Previous posts, I studied some ways to clean and transform data. As a reference guide, I’ll collect them here under three sections: Missing data, outliers, and label encoding.
Missing Data
df.info()
A DataFrame method that returns a concise summary of the dataframe, including a ‘non-null count,’ which helps us know the number of missing values.
print(df)
print()
df.info()
planet radius_km moons
0 Mercury 2440 0
1 Venus 6052 0
2 Earth 6371 1
3 Mars 3390 2
4 Jupiter 69911 80
5 Saturn 58232 83
6 Uranus 25362 27
7 Neptune 24622 14
<class 'pandas.core.frame.DataFrame'>
RangeIndex: 8 entries, 0 to 7
Data columns (total 3 columns):
planet 8 non-null object
radius_km 8 non-null int64
moons 8 non-null int64
dtypes: int64(2), object(1)
memory usage: 272.0+ bytes
pd.isna() / pd.isnull()
pd.isna() is a pandas function that returns a same-sized Boolean array indicating whether each value is null (you can also use pd.isnull() as an alias). Note that this function also exists as a DataFrame method.
print(df)
print('\n After pd.isnull(): \n')
pd.isnull(df)
Planet radius_km moons
0 Mercury 2440 NaN
1 Venus 6052 NaN
2 Earth 6371 1.0
3 Mars 3390 NaN
4 Jupiter 69911 80.0
5 Saturn 58232 83.0
6 Uranus 25362 27.0
7 Neptune 24622 14.0
After pd.isnull():
Planet radius_km moons
0 False False True
1 False False True
2 False False False
3 False False True
4 False False False
5 False False False
6 False False False
7 False False False
pd.notna() / pd.notnull()
A pandas function that returns a same-sized Boolean array indicating whether each value is NOT null (you can also use pd.notnull() as an alias). Note that this function also exists as a DataFrame method.
print(df)
print('\n After notnull(): \n')
pd.notnull(df)
Planet radius_km moons
0 Mercury 2440 NaN
1 Venus 6052 NaN
2 Earth 6371 1.0
3 Mars 3390 NaN
4 Jupiter 69911 80.0
5 Saturn 58232 83.0
6 Uranus 25362 27.0
7 Neptune 24622 14.0
After notnull():
Planet radius_km moons
0 True True False
1 True True False
2 True True True
3 True True False
4 True True True
5 True True True
6 True True True
7 True True True
df.fillna()
A DataFrame method that fills in missing values using specified method.
print(df)
print('\n After fillna(): \n')
df.fillna(2)
animal class color legs
0 cardinal Aves red NaN
1 gecko Reptilia green 4.0
2 raven Aves black NaN
After fillna():
animal class color legs
0 cardinal Aves red 2.0
1 gecko Reptilia green 4.0
2 raven Aves black 2.0
df.replace()
A DataFrame method that replaces specified values with other specified values. Can also be applied to pandas Series.
print(df)
print('\n After replace(): \n')
df.replace('Aves', 'bird')
animal class color legs
0 cardinal Aves red 2
1 gecko Reptilia green 4
2 raven Aves black 2
After replace():
animal class color legs
0 cardinal bird red 2
1 gecko Reptilia green 4
2 raven bird black 2
df.dropna()
A DataFrame method that removes rows or columns that contain missing values, depending on the axis you specify.

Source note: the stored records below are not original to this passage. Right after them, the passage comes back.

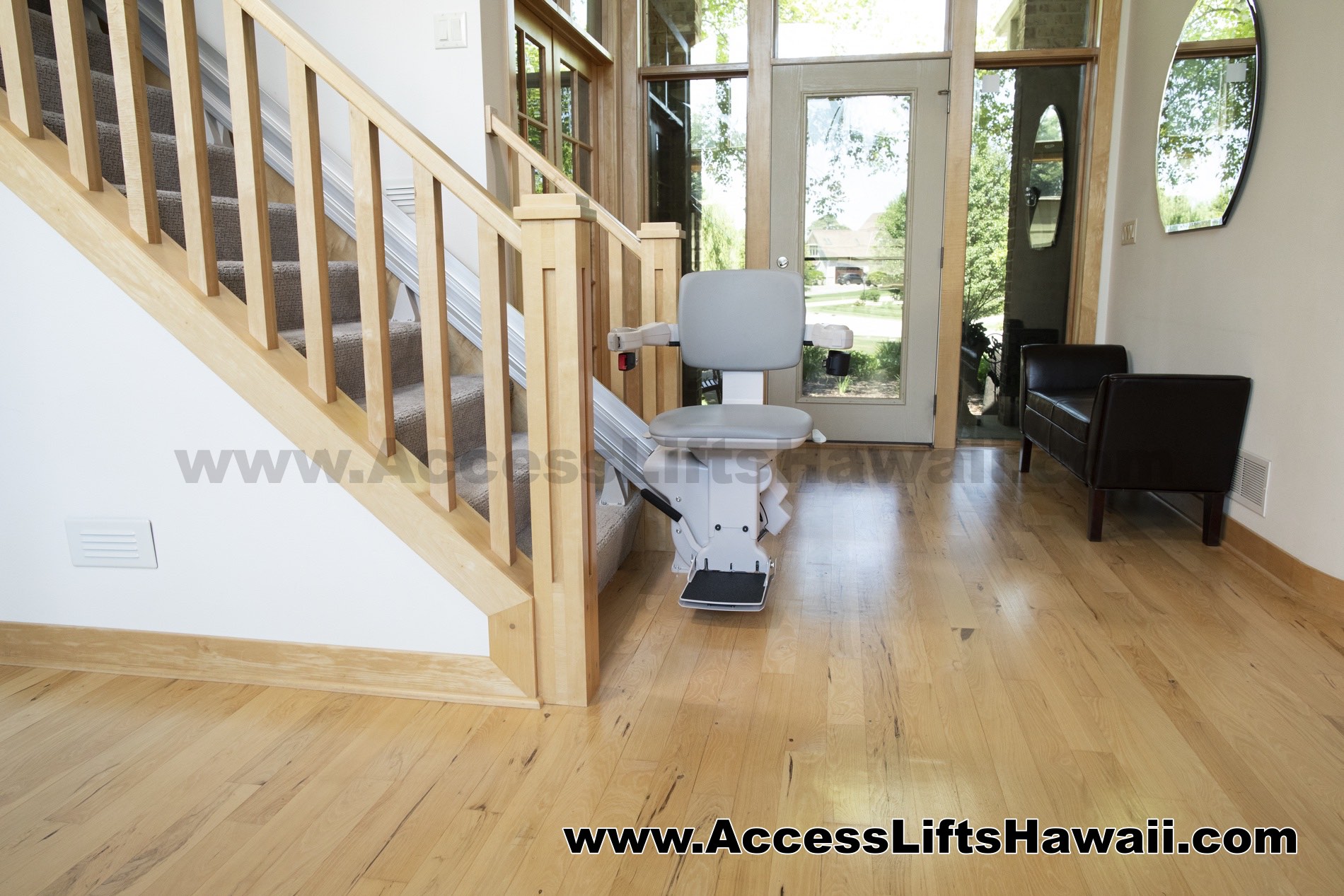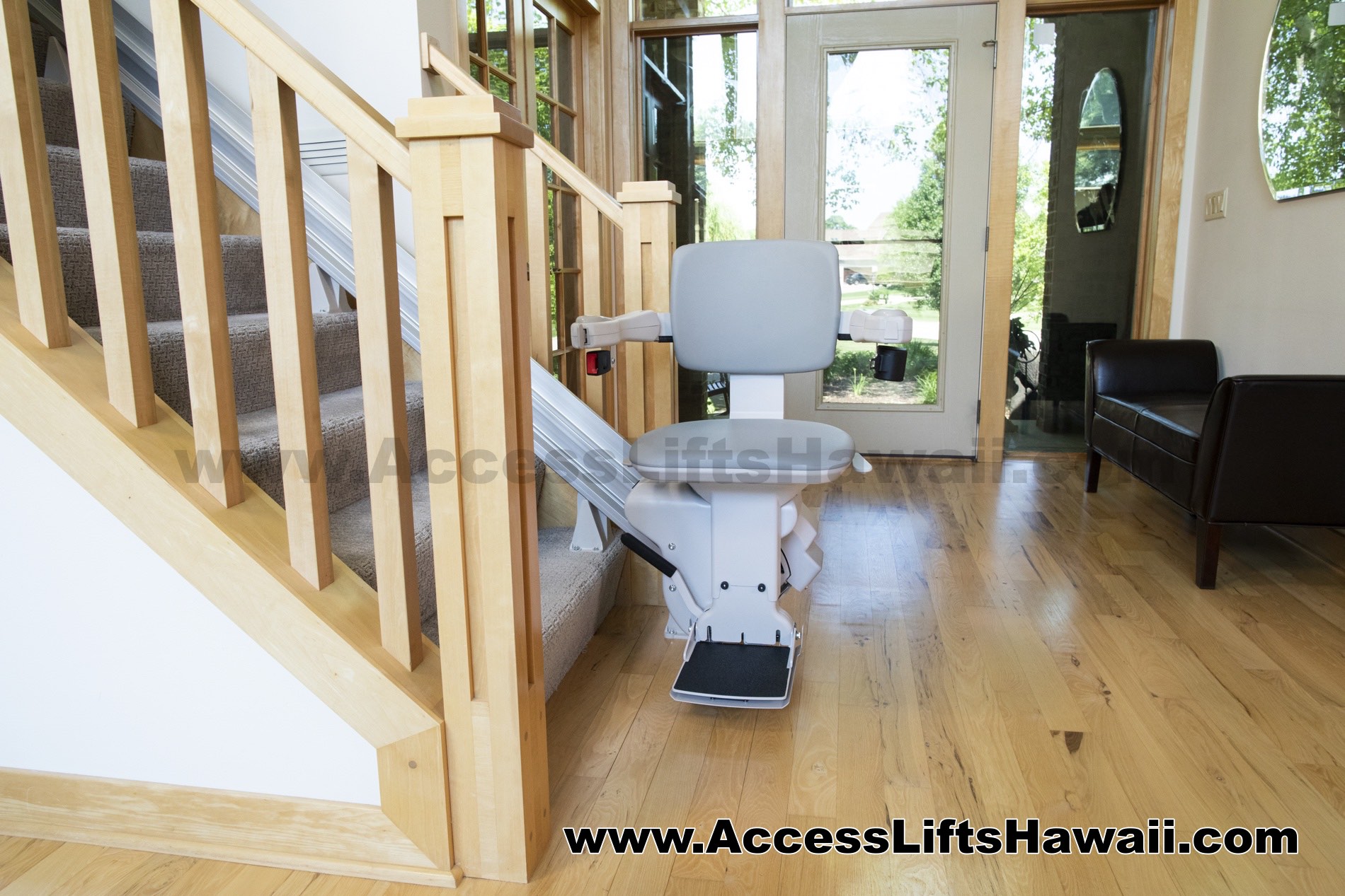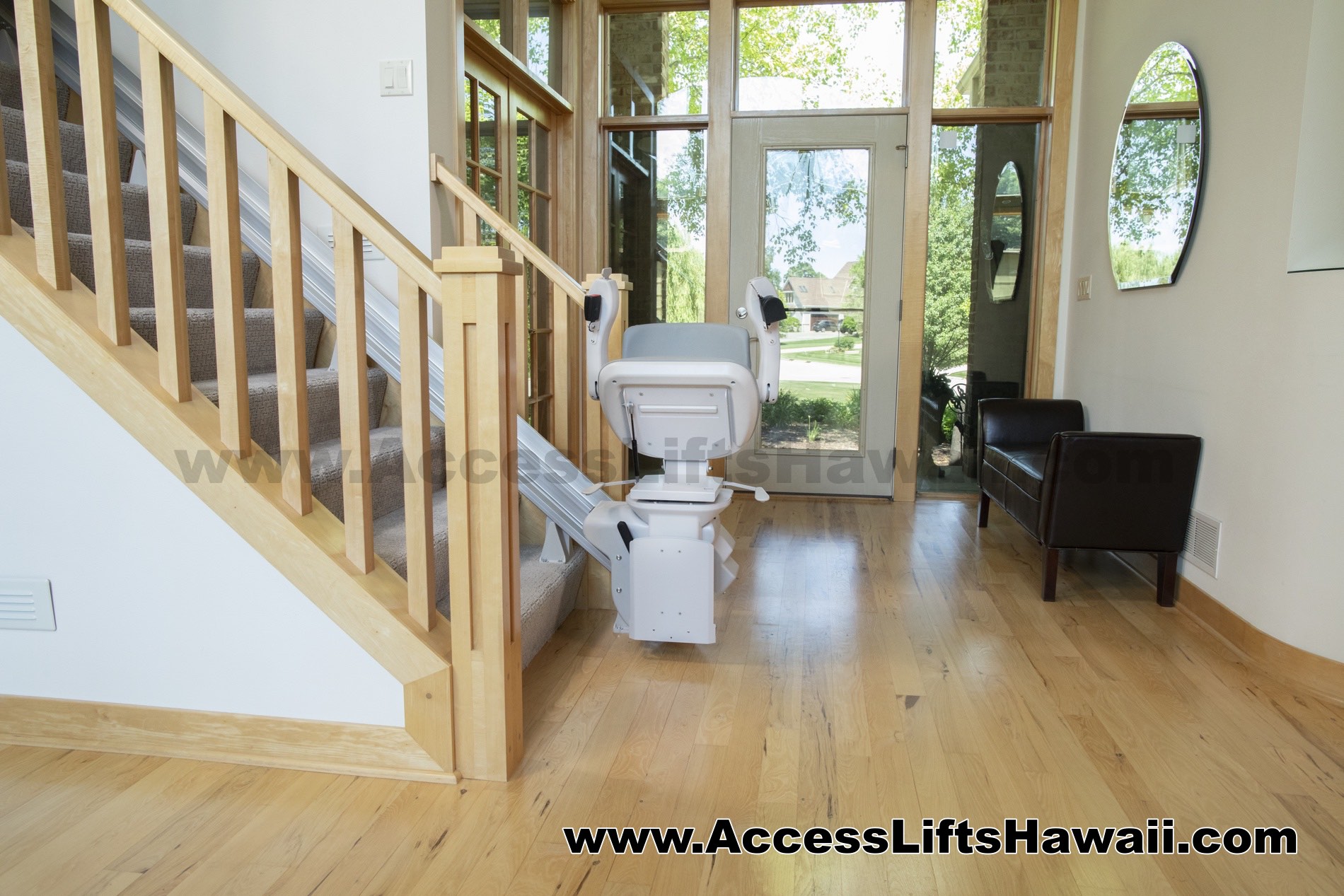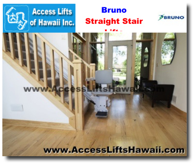With Bruno straight stair lifts, you can count on Made in USA quality, space-saving design and reliable engineering. Bruno straight stair lifts feature an exclusive vertical rail that leaves maximum open space on the stairs and gives a sleek, clean appearance.
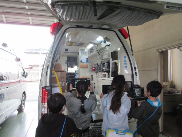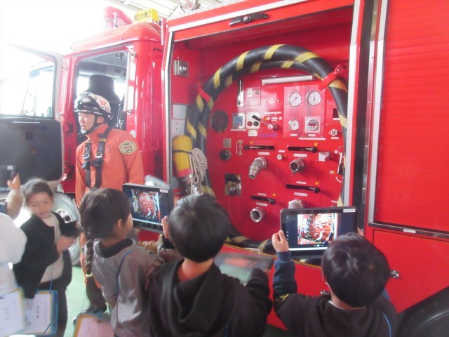 駐車場に移動して消防士さんの装備や消防車や救急車の見学をしました。途中で本当に救急車が出動する場面も見ることができました。消防士さんは消防車の中に入っている物や救急車の中の装備についてたいへん詳しく説明してくれました。
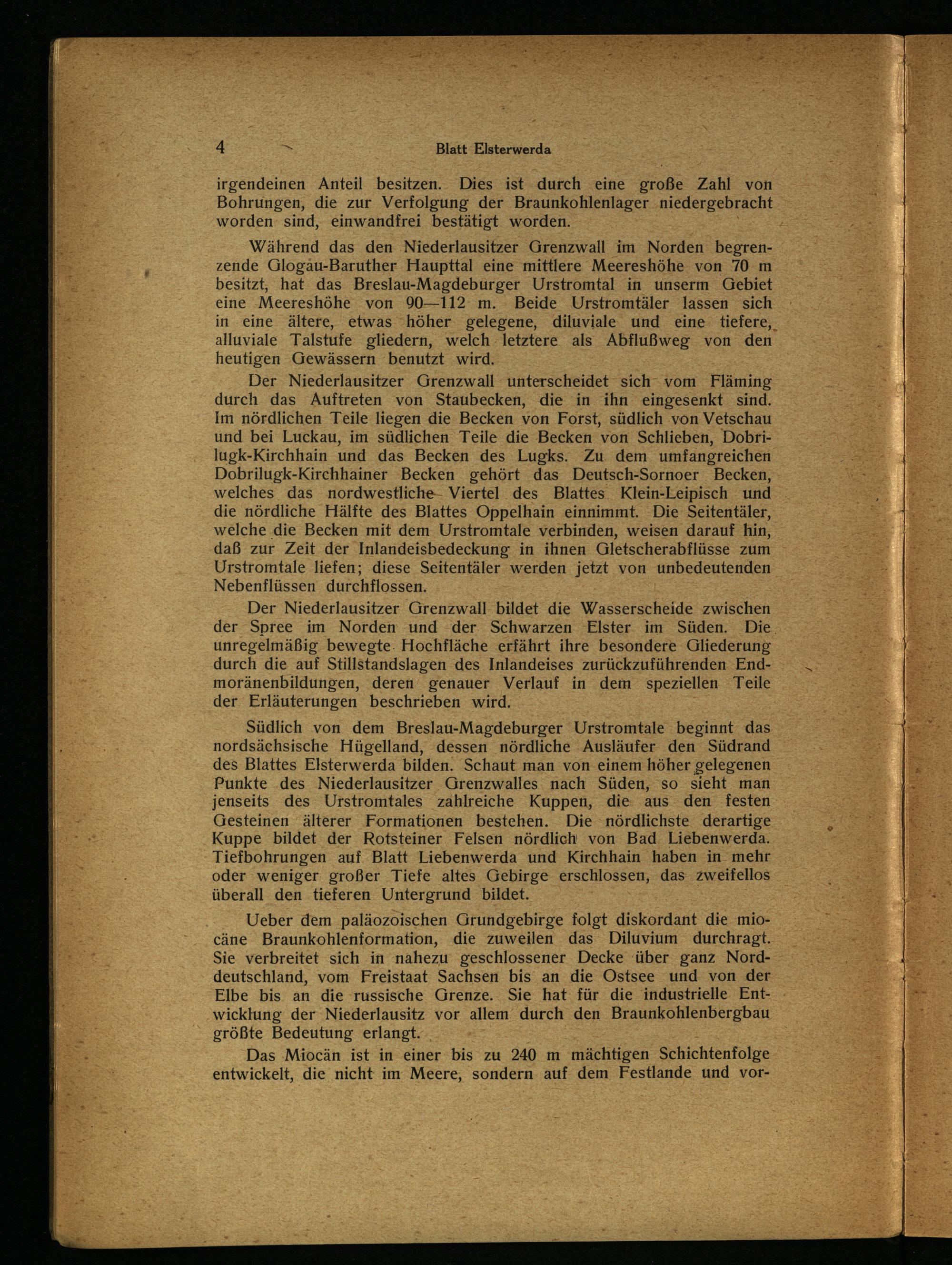 Südlich von dem Breslau -Magdeburger Urstromtale beginnt das nordsächsische Hügelland, dessen nördliche Ausläufer den Südrand des Blattes Elsterwerda bilden. Schaut man von einem höher gelegenen Punkte ‚des Niederlausitzer Grenzwalles nach Süden, so sieht man jenseits des Urstromtales zahlreiche Kuppen, die: aus den festen Gesteinen‘älterer Formationen bestehen. Die nördlichste derartige Kuppe bildet der Rotsteiner Felsen nördlich von Bad Liebenwerda . Tiefbohrungen auf. Blatt Liebenwerda und Kirchhain haben in mehr oder weniger: großer Tiefe altes Gebirge erschlossen, das zweifellos überall den tieferen Untergrund bildet.
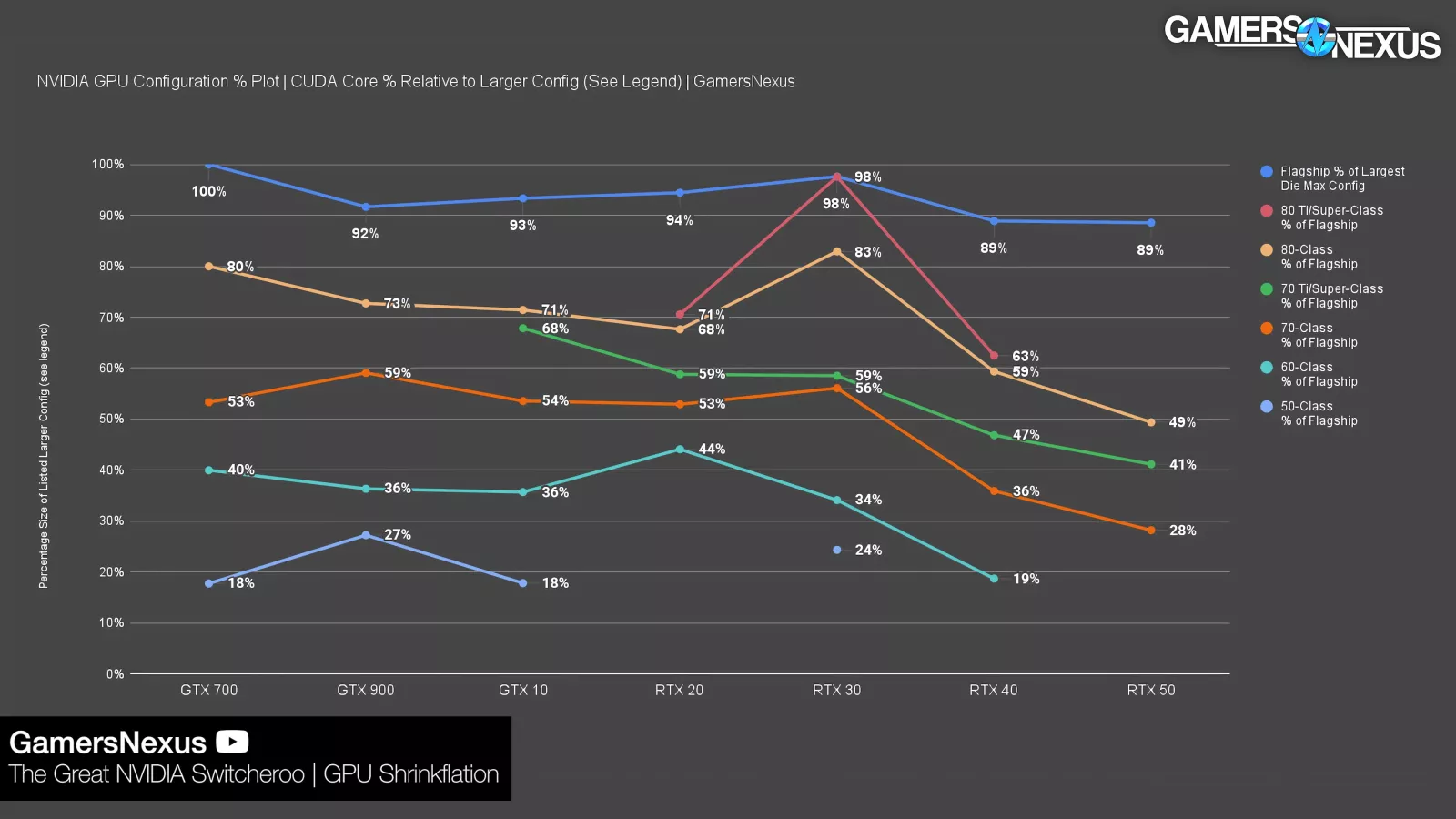 In our story about NVIDIA’s shrinkflation, we made this chart showing how NVIDIA’s modern RTX 4060 is similar to the GTX 750 in CUDA core percent relative to the larger configuration. In fact, its RTX 5070 was similar to an RTX 3050 (watch our review) by this metric. If we were to add the 5060 to this chart, it’d be at 15.6% of the full GB202 configuration and 17.6% of the 5090 (read our review) configuration.

print('Original df: \n \n', df)
print('\n After dropna(axis=0): \n')
print(df.dropna(axis=0))
print('\n After dropna(axis=1): \n')
print(df.dropna(axis=1))
Original df:
animal class color legs
0 NaN Aves red 2
1 gecko Reptilia green 4
2 raven Aves NaN 2
After dropna(axis=0):
animal class color legs
1 gecko Reptilia green 4
After dropna(axis=1):
class legs
0 Aves 2
1 Reptilia 4
2 Aves 2
Outliers
df.describe()
A DataFrame method that returns general statistics about the dataframe which can help us determine outliers.
print(df)
print()
df.describe()
planet radius_km moons
0 Mercury 2440 0
1 Venus 6052 0
2 Earth 6371 1
3 Mars 3390 2
4 Jupiter 69911 80
5 Saturn 58232 83
6 Uranus 25362 27
7 Neptune 24622 14
radius_km moons
count 8.000000 8.00000
mean 24547.500000 25.87500
std 26191.633528 35.58265
min 2440.000000 0.00000
25% 5386.500000 0.75000
50% 15496.500000 8.00000
75% 33579.500000 40.25000
max 69911.000000 83.00000
sns.boxplot()
A seaborn function that generates a box plot. Data points beyond 1.5x the interquartile range are considered outliers.
Label Encoding
df.astype()
A DataFrame method that allows us to encode its data as a specified dtype. Note that this method can also be used on Series objects.
print(df)
print('\n Original dtypes of df: \n')
print(df.dtypes)
print('\n dtypes after casting \'class\' column as categorical: \n')
df['class'] = df['class'].astype('category')
print(df.dtypes)
Series.cat.codes
A Series attribute that returns the numeric category codes of the series.
# Cast 'class' column as categorical
df['class'] = df['class'].astype('category')
print('\n \'class\' column: \n')
print(df['class'])
print('\n Category codes of \'class\' column: \n')
df['class'].cat.codes
'class' column:
0 Aves
1 Reptilia
2 Aves
Name: class, dtype: category
Categories (2, object): [Aves, Reptilia]
Category codes of 'class' column:
0 0
1 1
2 0
dtype: int8
pd.get_dummies()
A function that converts categorical values into new binary columns—one for each different category.
LabelEncoder()
A transformer from scikit-learn.preprocessing that encodes specified categories or labels with numeric codes. Note that when building predictive models it should only be used on target variables (i.e., y data).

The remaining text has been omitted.